「固法よ。レベル3の透視能力です。よろしくね」
「白井黒子ですの。レベル4の空間移動ですわ」
眼鏡さん、ツインテール、フシギダネと自己紹介していく。隣にいた茶髪の奴が「わ、私達も…?」みたいな雰囲気を出す。それを察した黄泉川先生が頷いた。
「えっと…御坂美琴です。レベル5の電撃使いです」
…ふーん、こいつが超電磁砲、か。
「ホントはもう一人いるんだけどね。呼び出されて行っちゃった」
「あ、私は風紀委員じゃないからね」
なんて軽く自己紹介してもらった。俺はどうすればいいの?あ、自己紹介ね。
「えっと、比企谷八幡です…レベル0っす」
「こいつは根性がかなり捻くれてるじゃん。その矯正を頼む」
え、これって…。
「黄泉川先生、矯正とは?」
「とりあえず労働の尊さとかその辺を教えてやればいいじゃん。じゃ、私は学校に戻る」
え、ちょっと待って下さいよ…。なんで置いてくんですか…。で、取り残された俺。さっきまで忙しかったのか、女子組はなんか真面目な顔でなんか考えてる。
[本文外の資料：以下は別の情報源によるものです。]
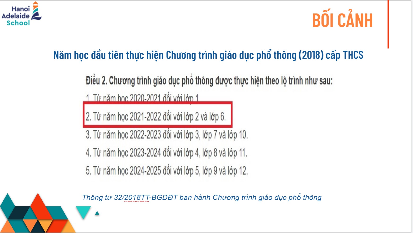 Cô Dương Trang – Phó Hiệu trưởng trường THCS H.A.S đã chia sẻ những thông tin cụ thể về bối cảnh của năm học như sự thay đổi trong việc triển khai sách giáo khoa với khối 6, khung thời gian năm học, một ngày học-tập của học sinh hay lộ trình cá nhân hoá được thực hiện như thế nào tại Hanoi Adelaide School, phương thức liên lạc giữa Gia đình và Nhà trường…
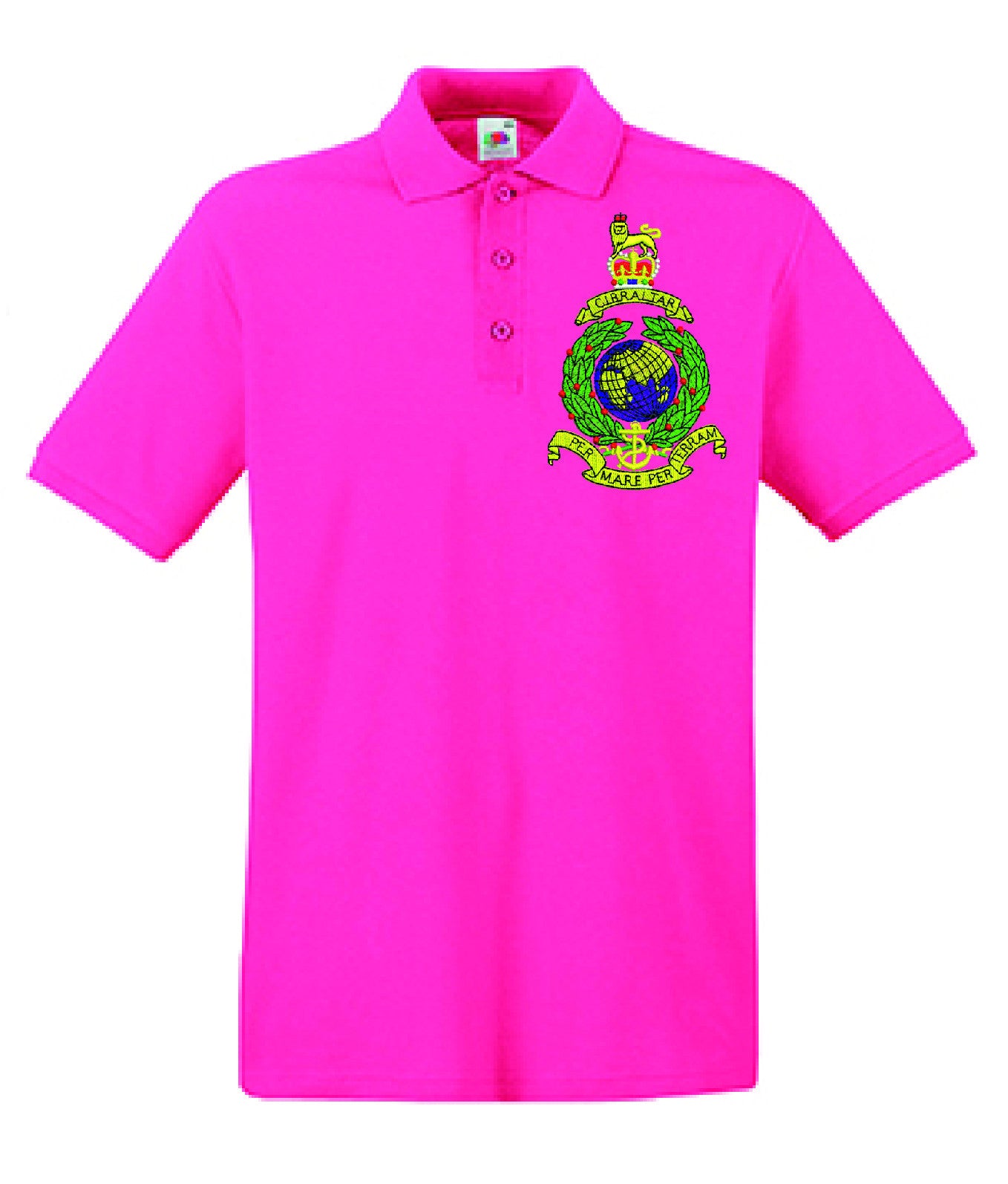 Royal Marines Polo Shirt is made by Fruit of the Loom. The logo is then embroidered onto the polo shirt after you have selected the Size, Colour and Qty. Please allow up to three working days for your order to be processed as the item has to be embroidered first. Large orders of 15 or more may take longer.
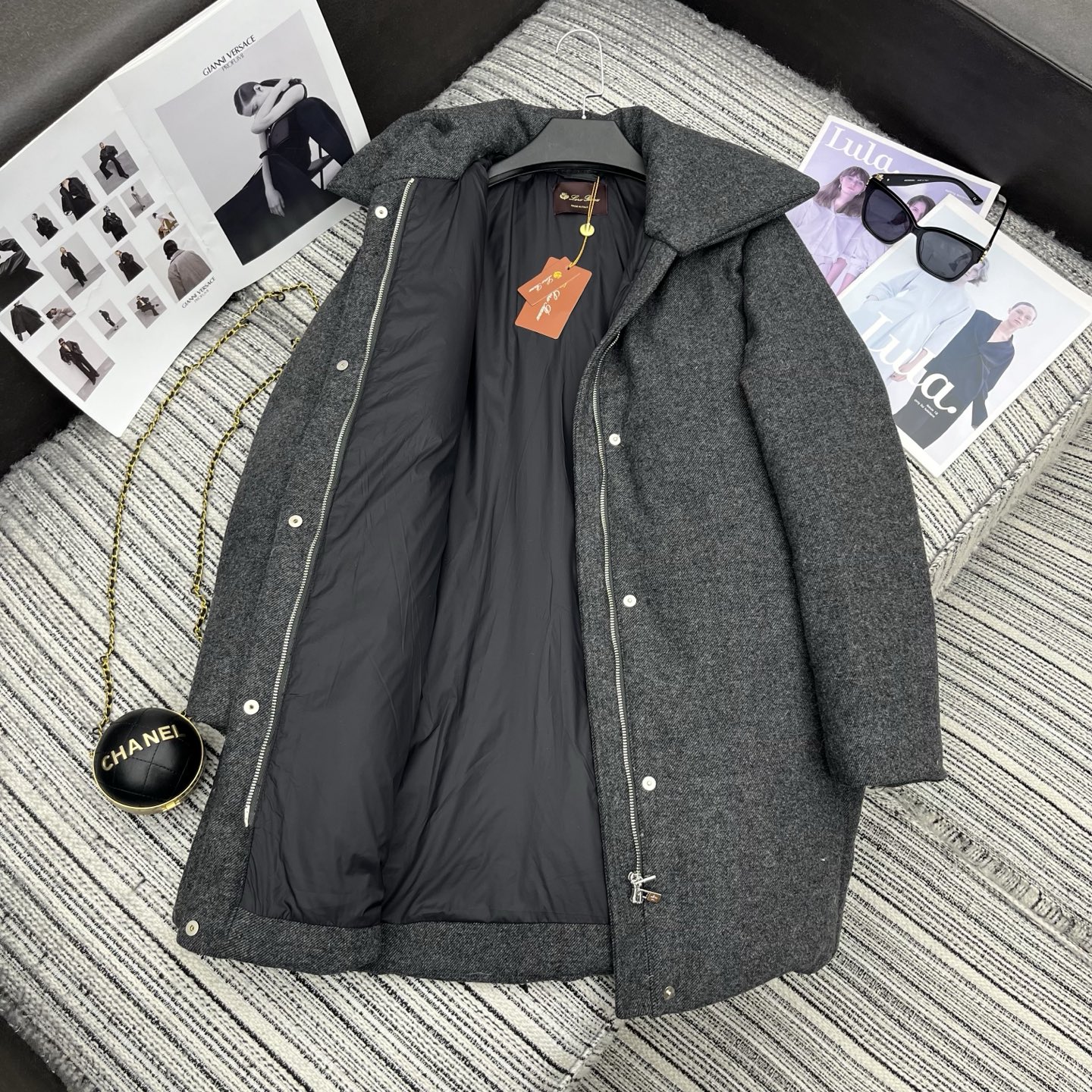 Tags: Fold Down Collar Overcoat, Goose Down Filled Jacket, Mid Length Winter Coat, Warm Wool Outerwear, Wool Blend Down Coat

ツインテールの白井が声をかけて来た。
「あなた、レベルアッパーってご存知ですの?」
え、なにデヴィルアッパー?
「いや、知らない、ですけど」
「そうですか…」
そこで、電話が掛かって来る。それを白井が応答。そして、しばらくしてから白井は俺と御坂の手を握る。
「お姉様、問題が発生しましたの」
「え?」
え?だからってなんで俺の手を握るわけ?俺のこと好きなの?と、思ったら目の前は病院だった。そのまま走り出す白井、追い掛ける俺と御坂。
「意識不明!?あの爆弾魔が?」
「そうですの」
「や、まず爆弾魔ってなに?あとなんで連れて来られたの俺」
「一応、あなたも今日から風紀委員でしょう?ならさっそく働いてもらいますの。それと爆弾魔については後で」
で、病院の先生に話を聞く。話によれば、今週に入ってから外傷の見られない意識不明患者が増えてるということだ。ウィルスの検出もないようだ。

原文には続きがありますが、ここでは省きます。